# Work task
In the listing that follows, retype every line from the first through the one containing "Женские кварцевые часы". Pictures are to be left out.

# Exercise data
/---

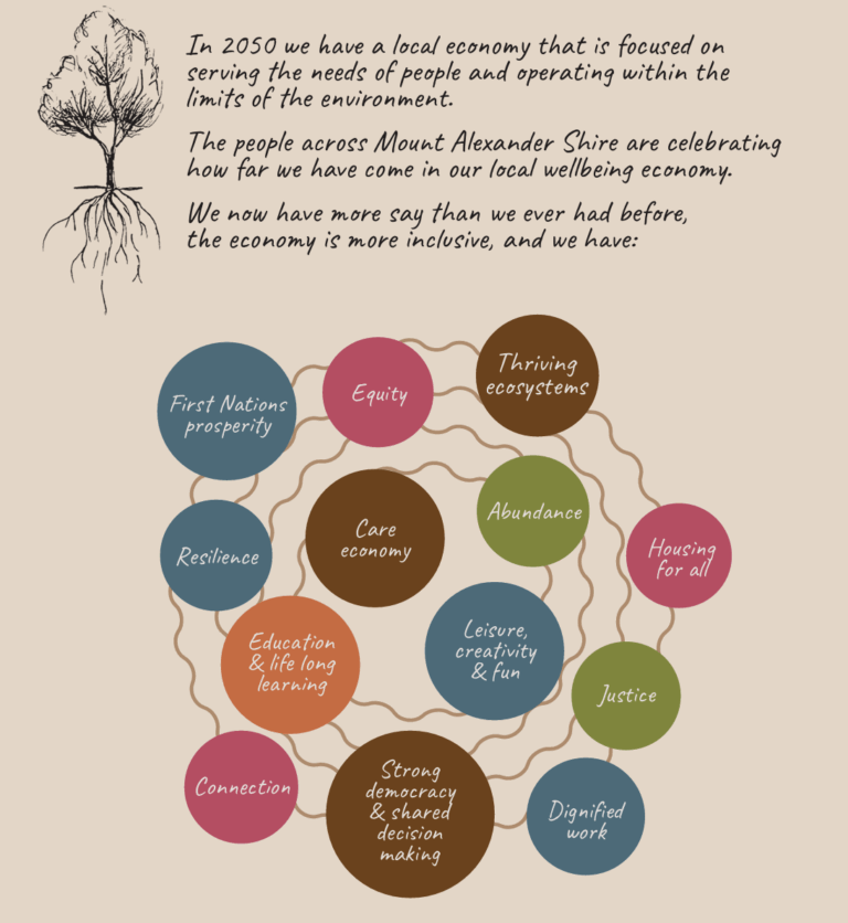 Castlemaine Institute’s Wellbeing Economy Team and network of partners and advisors, are together leading Australian efforts to use the wellbeing economy framework and approach to achieve a local economy that works for people and planet.
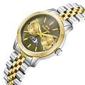 Женские кварцевые часы Slazenger — это выразительный и функциональный аксессуар. Корпус диаметром 33 мм и толщиной 10 мм выполнен из суперметалла. БезельБезельВнешний ободок, закрепляющий стекло. В спортивных часах так называется поворотное кольцо с делениями на циферблате, выполняет роль таймера – замеряет отрезки времени на шкале. Неподвижный безель – элемент декора. Однонаправленно вращающийся безель на дайверских часах позволяет фиксировать моменты погружения и выныривания на поверхность. из суперметалла с IP-покрытиемIP-покрытиеМетод ионного напыления. Демонстрирует повышенную устойчивость к истиранию, окислению и химическим веществам. Под воздействием высокого давления и температуры около 1500°C молекулы металла надёжно соединяются с частицами корпуса часов.. Циферблат зелёного цвета оформлен индексами и стрелками. Циферблат защищён минеральным стекломМинеральное стеклоМинеральное стекло представляет собой искусственно выращенный минерал кварца. Такое стекло отличается особой устойчивостью к повреждениям и царапинам. Уступает по некоторым качествам сапфировому стеклу.. Механизм — кварцевый калибр VX3HE11. Часы оснащены индикацией дня недели, даты и индикатором день/ночь, отображающим солнце или луну в зависимости от времени суток. Часы оснащены браслетом из суперметалла с IP-покрытиемIP-покрытиеМетод ионного напыления. Демонстрирует повышенную устойчивость к истиранию, окислению и химическим веществам. Под воздействием высокого давления и температуры около 1500°C молекулы металла надёжно соединяются с частицами корпуса часов. на на застёжке «бабочка» с кнопкамиЗастёжка "бабочка"Такой вид застёжки дополняется предохранителями, помогающими избежать случайного раскрытия браслета. Обладают изящным исполнением. . Водонепроницаемость 50 м позволяет использовать часы в повседневных условиях. Гарантия — 12 месяцев. Идеальный выбор для тех, кто ценит стиль, функциональность и качество.
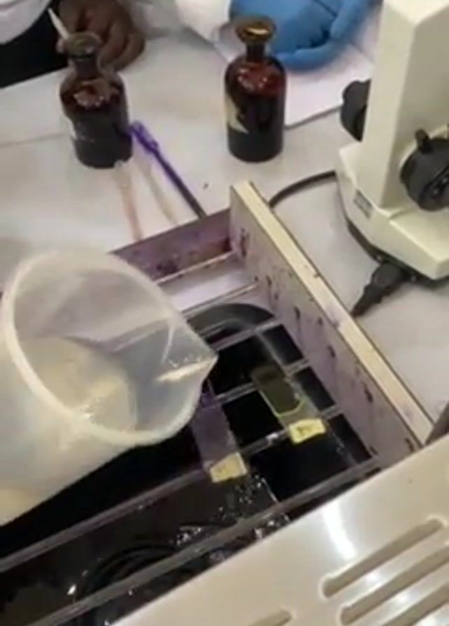 In a lab setting, a person wearing a lab coat pours a clear liquid from a plastic pitcher into a staining jar containing several microscope slides. Two dark-colored bottles and a microscope are on the table, and another person wearing gloves is also present. The staining apparatus has a purple-stained frame, suggesting the use of staining solutions.
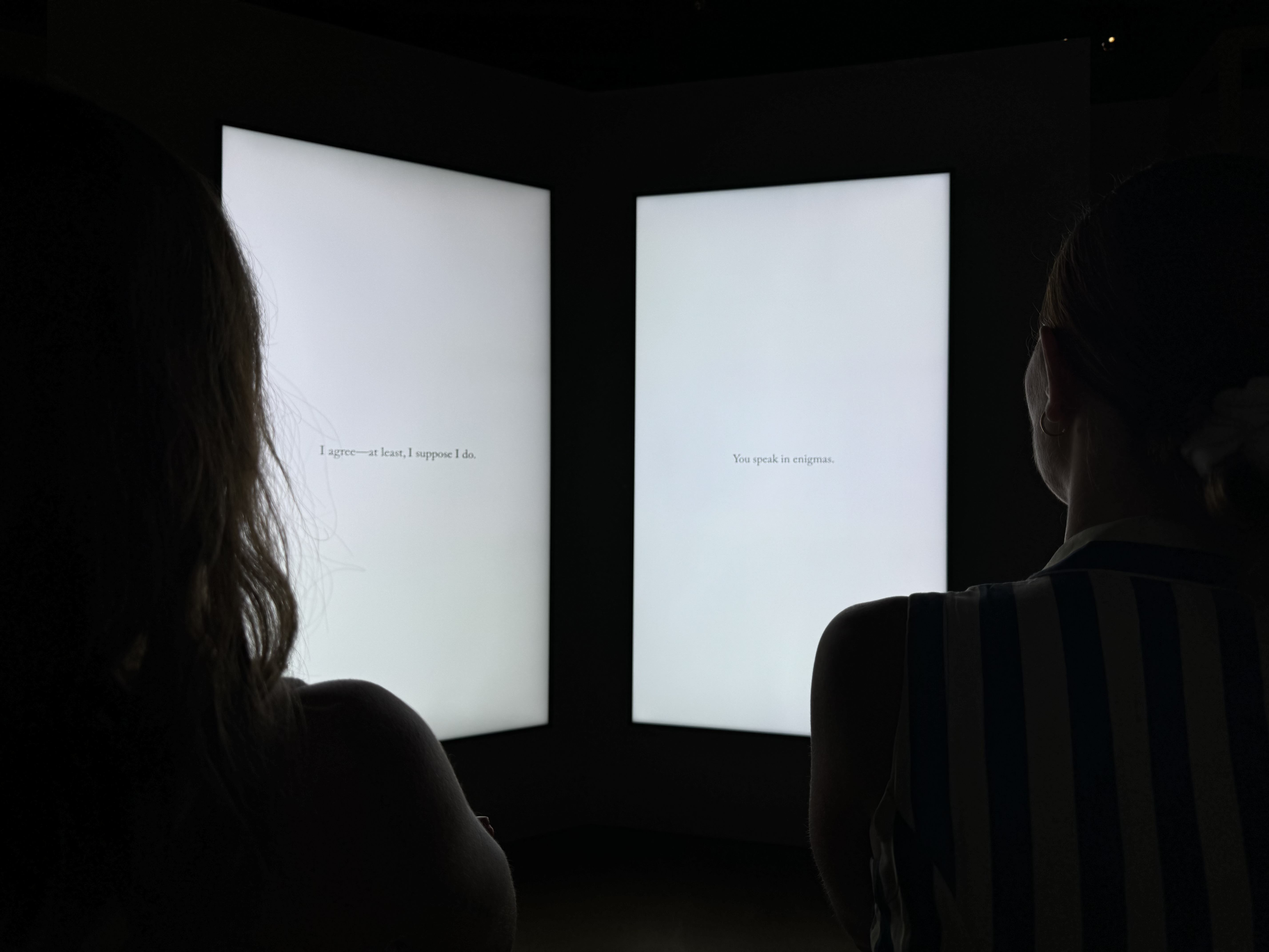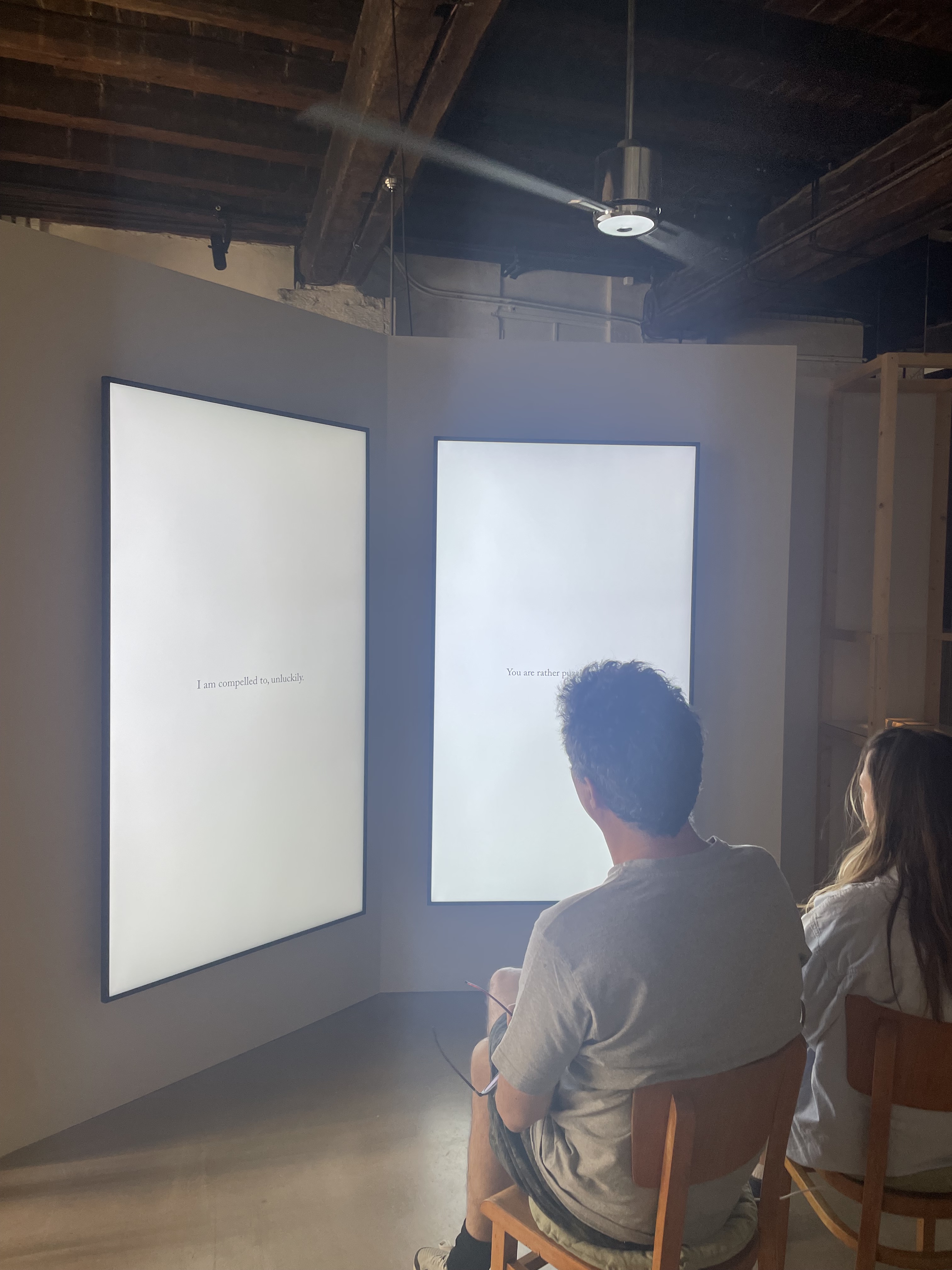 Two chairs invited the audience to be actors in the work. By sitting down, a viewer automatically caused a series of conversational phrases to start appearing (basically a monologue, as if reading only the left pages or only the right pages in the original book). When a second person sat down in the other chair, a second series of conversational phrases started to appear in answer and a dialogue in useful phrases ensued. This serendipitous dialogue of miscommunications was different each time because it was influenced by when exactly each person sat down.

\---

# Result
 Castlemaine Institute’s Wellbeing Economy Team and network of partners and advisors, are together leading Australian efforts to use the wellbeing economy framework and approach to achieve a local economy that works for people and planet.
 Женские кварцевые часы Slazenger — это выразительный и функциональный аксессуар. Корпус диаметром 33 мм и толщиной 10 мм выполнен из суперметалла. БезельБезельВнешний ободок, закрепляющий стекло. В спортивных часах так называется поворотное кольцо с делениями на циферблате, выполняет роль таймера – замеряет отрезки времени на шкале. Неподвижный безель – элемент декора. Однонаправленно вращающийся безель на дайверских часах позволяет фиксировать моменты погружения и выныривания на поверхность. из суперметалла с IP-покрытиемIP-покрытиеМетод ионного напыления. Демонстрирует повышенную устойчивость к истиранию, окислению и химическим веществам. Под воздействием высокого давления и температуры около 1500°C молекулы металла надёжно соединяются с частицами корпуса часов.. Циферблат зелёного цвета оформлен индексами и стрелками. Циферблат защищён минеральным стекломМинеральное стеклоМинеральное стекло представляет собой искусственно выращенный минерал кварца. Такое стекло отличается особой устойчивостью к повреждениям и царапинам. Уступает по некоторым качествам сапфировому стеклу.. Механизм — кварцевый калибр VX3HE11. Часы оснащены индикацией дня недели, даты и индикатором день/ночь, отображающим солнце или луну в зависимости от времени суток. Часы оснащены браслетом из суперметалла с IP-покрытиемIP-покрытиеМетод ионного напыления. Демонстрирует повышенную устойчивость к истиранию, окислению и химическим веществам. Под воздействием высокого давления и температуры около 1500°C молекулы металла надёжно соединяются с частицами корпуса часов. на на застёжке «бабочка» с кнопкамиЗастёжка "бабочка"Такой вид застёжки дополняется предохранителями, помогающими избежать случайного раскрытия браслета. Обладают изящным исполнением. . Водонепроницаемость 50 м позволяет использовать часы в повседневных условиях. Гарантия — 12 месяцев. Идеальный выбор для тех, кто ценит стиль, функциональность и качество.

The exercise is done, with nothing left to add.